Start of Block
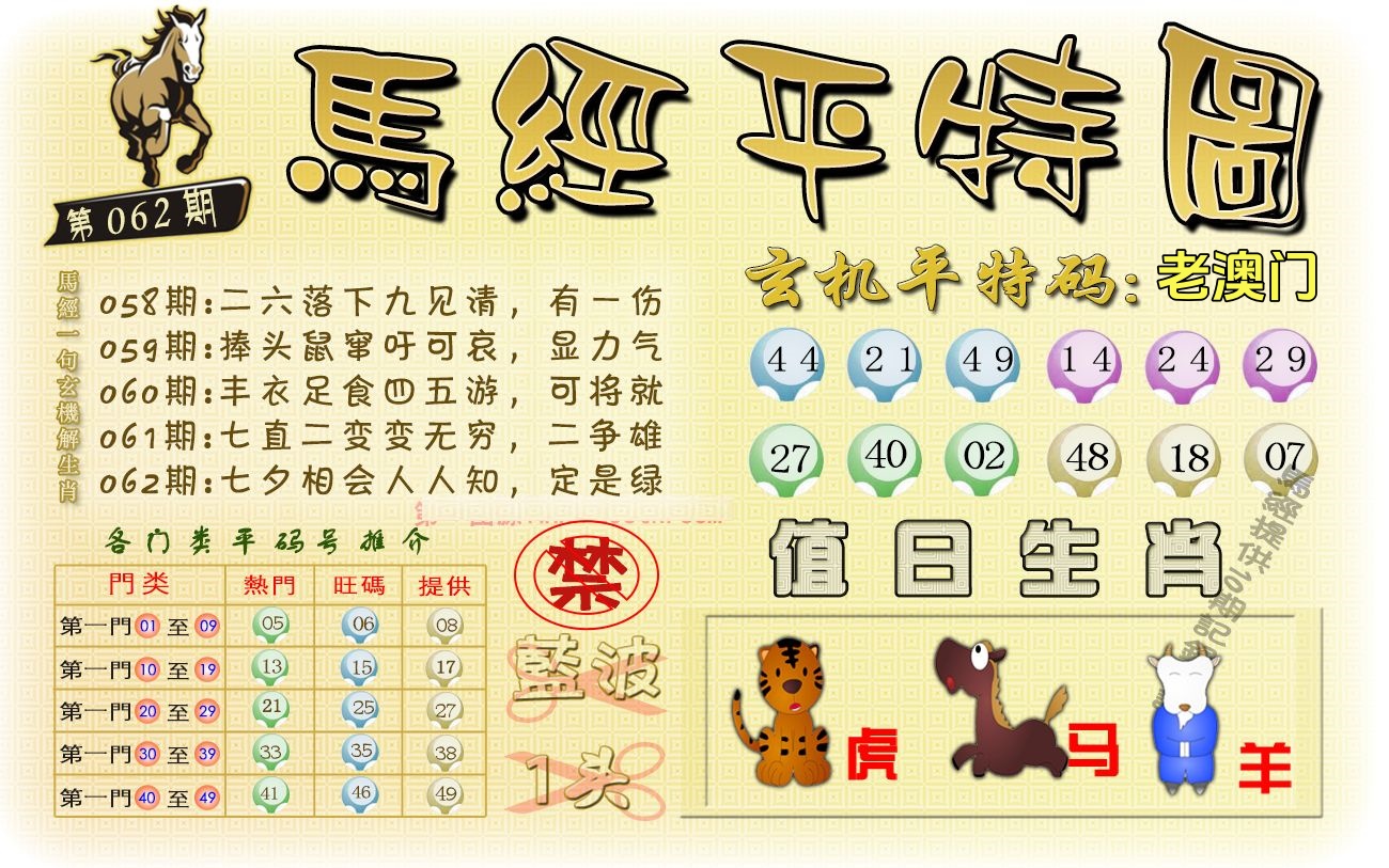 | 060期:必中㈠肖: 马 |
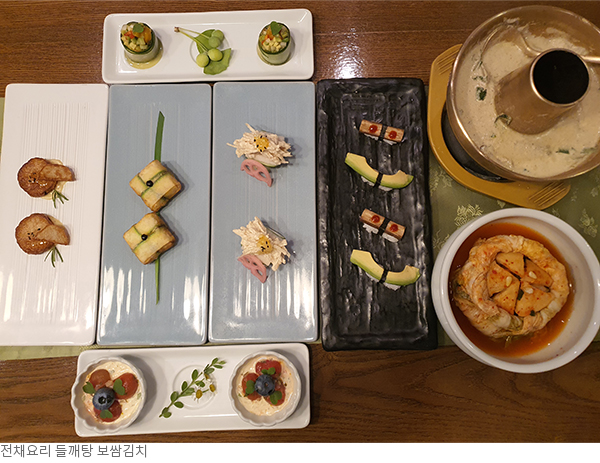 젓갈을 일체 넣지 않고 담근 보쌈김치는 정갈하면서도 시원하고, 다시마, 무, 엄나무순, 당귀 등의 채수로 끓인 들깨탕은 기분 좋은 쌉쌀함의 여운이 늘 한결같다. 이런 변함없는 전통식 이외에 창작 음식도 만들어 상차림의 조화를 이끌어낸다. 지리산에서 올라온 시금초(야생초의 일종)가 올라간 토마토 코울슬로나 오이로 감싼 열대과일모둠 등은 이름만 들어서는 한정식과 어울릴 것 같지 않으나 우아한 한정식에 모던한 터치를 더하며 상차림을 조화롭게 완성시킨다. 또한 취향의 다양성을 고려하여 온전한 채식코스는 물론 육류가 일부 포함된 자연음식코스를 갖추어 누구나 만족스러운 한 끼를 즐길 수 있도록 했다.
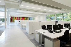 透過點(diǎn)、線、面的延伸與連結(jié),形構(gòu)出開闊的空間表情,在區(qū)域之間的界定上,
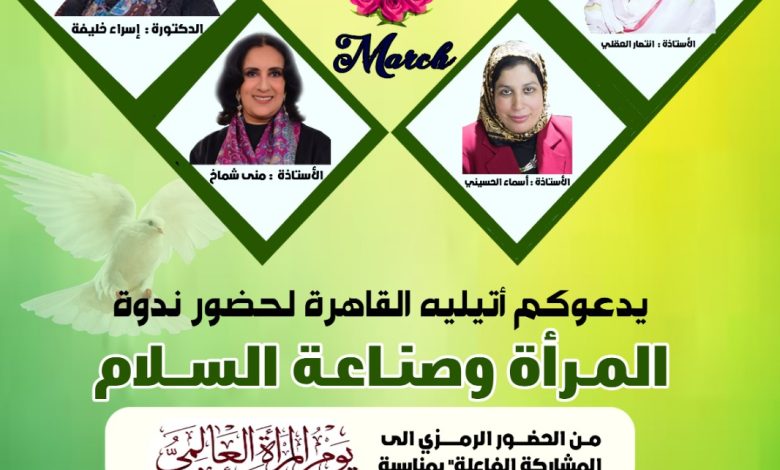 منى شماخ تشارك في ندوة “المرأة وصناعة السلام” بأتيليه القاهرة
End of Block
● **WHAT IS EXPECTED**
Ignoring the pictures, write out word for word only the lines from the one containing "젓갈을 일체 넣지 않고" through the last line of the data, both ends included.

● **RESULT OF THE TASK**
 젓갈을 일체 넣지 않고 담근 보쌈김치는 정갈하면서도 시원하고, 다시마, 무, 엄나무순, 당귀 등의 채수로 끓인 들깨탕은 기분 좋은 쌉쌀함의 여운이 늘 한결같다. 이런 변함없는 전통식 이외에 창작 음식도 만들어 상차림의 조화를 이끌어낸다. 지리산에서 올라온 시금초(야생초의 일종)가 올라간 토마토 코울슬로나 오이로 감싼 열대과일모둠 등은 이름만 들어서는 한정식과 어울릴 것 같지 않으나 우아한 한정식에 모던한 터치를 더하며 상차림을 조화롭게 완성시킨다. 또한 취향의 다양성을 고려하여 온전한 채식코스는 물론 육류가 일부 포함된 자연음식코스를 갖추어 누구나 만족스러운 한 끼를 즐길 수 있도록 했다.
 透過點(diǎn)、線、面的延伸與連結(jié),形構(gòu)出開闊的空間表情,在區(qū)域之間的界定上,
 منى شماخ تشارك في ندوة “المرأة وصناعة السلام” بأتيليه القاهرة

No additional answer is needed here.